The Montana Grizzlies football team, practicing in the heat of the afternoon, took frequent water breaks under Coach Bobby Hauck’s direction.

Dickerson said it looks like an incoming cold front won’t be arriving as early as expected on Saturday. Temperatures should reach the mid- to high 90s and “might even flirt with 100,” he said.

By Sunday, Missoula and much of western Montana should be down in the more comfortable and usual range of the 80s. The front moving in later Saturday should improve air quality and visibility, though the winds could stir up wildfires in the region, two of which have grown to more than 2,500 acres (the Garden Creek fire near Hot Springs) and 1,000 acres (the Brownstone fire in the Bob Marshall Wilderness) in the dry, hot weather.

Friday and Saturday will likely be western Montana’s final fling with 100 degrees for the year. Dickerson said the nights are getting longer, “so climatologically speaking it gets increasingly harder to produce this amount of heat.”

The latest 100-degree temperature recorded was on Aug. 24, 1969, a month or so after the first moon landing.


Despite the threat of continued heat, the National Weather Service held fast to its expiration date of a heat advisory at 9 p.m. Friday.

A red flag warning went into effect at noon Friday and remains in effect until midnight Saturday for much of western and southwestern Montana. Critical fire weather conditions are possible again Sunday afternoon and evening due to winds and low humidity.

A Haines Index of 6 was in place Friday, even before the anticipated winds of 15-25 mph blow in Saturday. A 6 means a high potential for an existing fire to become large or exhibit erratic fire behavior. Anything less than 4 means low potential.

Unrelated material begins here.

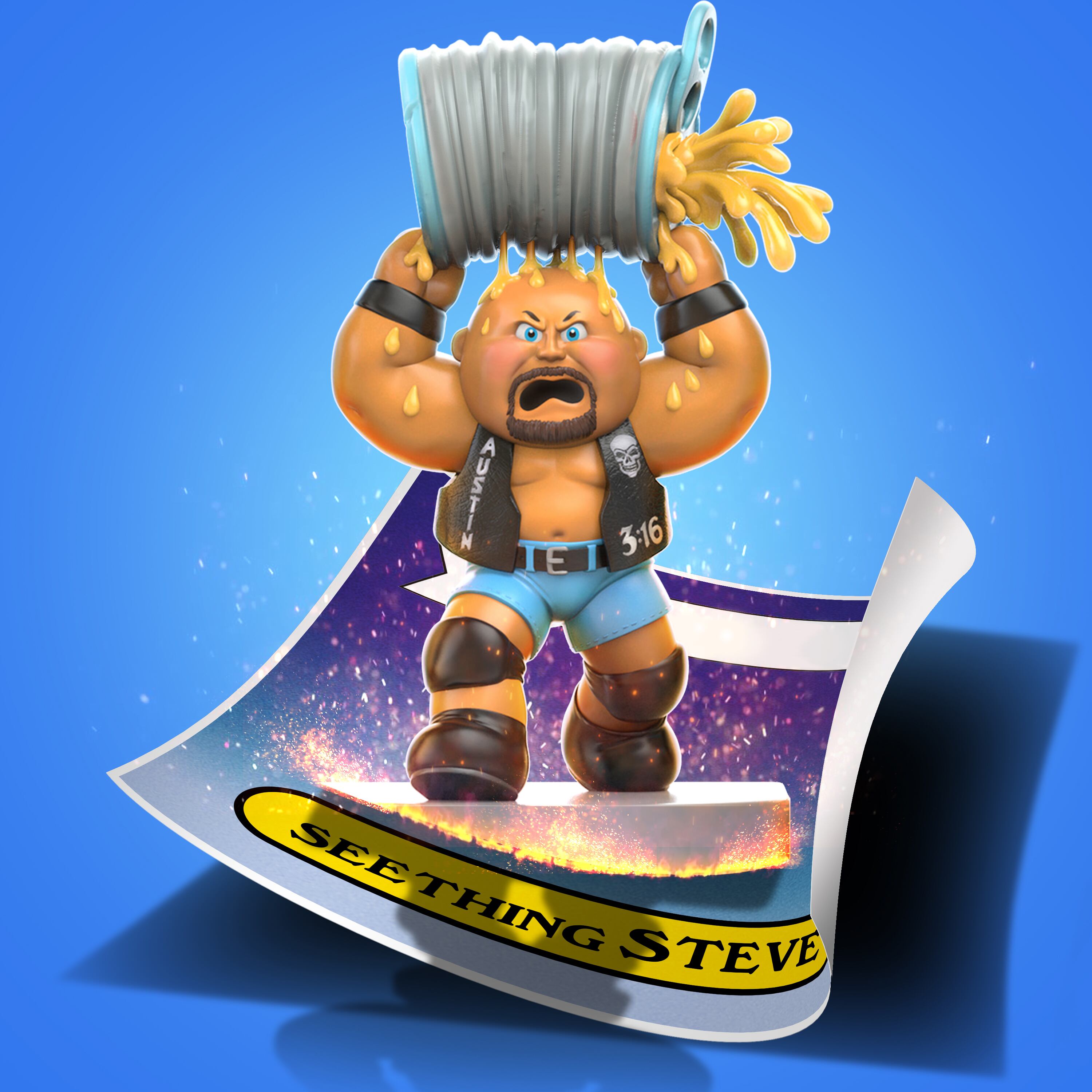 GPK×WWE ガーベッジペイルキッズ シーシング スティーブ ビニールフィギュア (ロイヤルサブジェクト社) 未開封 ※難有り

Fire danger throughout most of western Montana remains at the highest level of Extreme. Stage II restrictions went into effect Friday at a minute past midnight in Missoula, Missoula County, three national forests and parts of several other counties. It bans open burning and smoking in public places, and restricts the use of combustible engines such as lawnmowers.


The city of Missoula announced Friday that Mount Sentinel will be closed down for the Pearl Jam concert Monday night.

The Missoula Fire Department, in partnership with the University of Montana, has petitioned the city and state to close public lands on Sentinel from 8 a.m. Monday to 8 a.m. Tuesday due to extreme fire danger and Stage II fire restrictions.

The Pearl Jam concert is set for 7 p.m. Monday in Washington-Grizzly Stadium. The hillside has traditionally been a popular venue for watching or listening to stadium events for free.

The closure includes the “M” Trail, trails from the Sentinel Fire Road and Pattee Canyon Drive, and trails from the Kim Williams Natural Area. University officials say patrols will be in place and trespassers could be removed and ticketed.


The Garden Creek fire, burning mostly on the Flathead Indian Reservation near Hot Springs, was mapped Friday at 2,573 acres, another 700 acres larger than previous report.

Fire activity was increasing as the red flag warning took effect in the afternoon and the temperature reached triple digits.

There are 235 fire personnel assigned to the incident, which continues to be managed by a local Type 3 Incident Management Team.

The Brownstone fire in the Bob Marshall Wilderness grew to 1,086 acres after it moved south through most of upper Brownstone Creek and a high- elevation bowl at the head of Francois Creek, away from the South Fork of the White River. Additional growth was expected Friday.

As a wilderness fire, the Brownstone isn’t being fought. Ground and aerial resources are monitoring it, and equipment is in place at the Big Prairie Work Center if it comes down a draw toward the South Fork of the Flathead River.

The center is a major center of Forest Service operations in the South Fork area. Corrals, dispersed campsite and several structures listed on the National Register of Historic Places are located at the center.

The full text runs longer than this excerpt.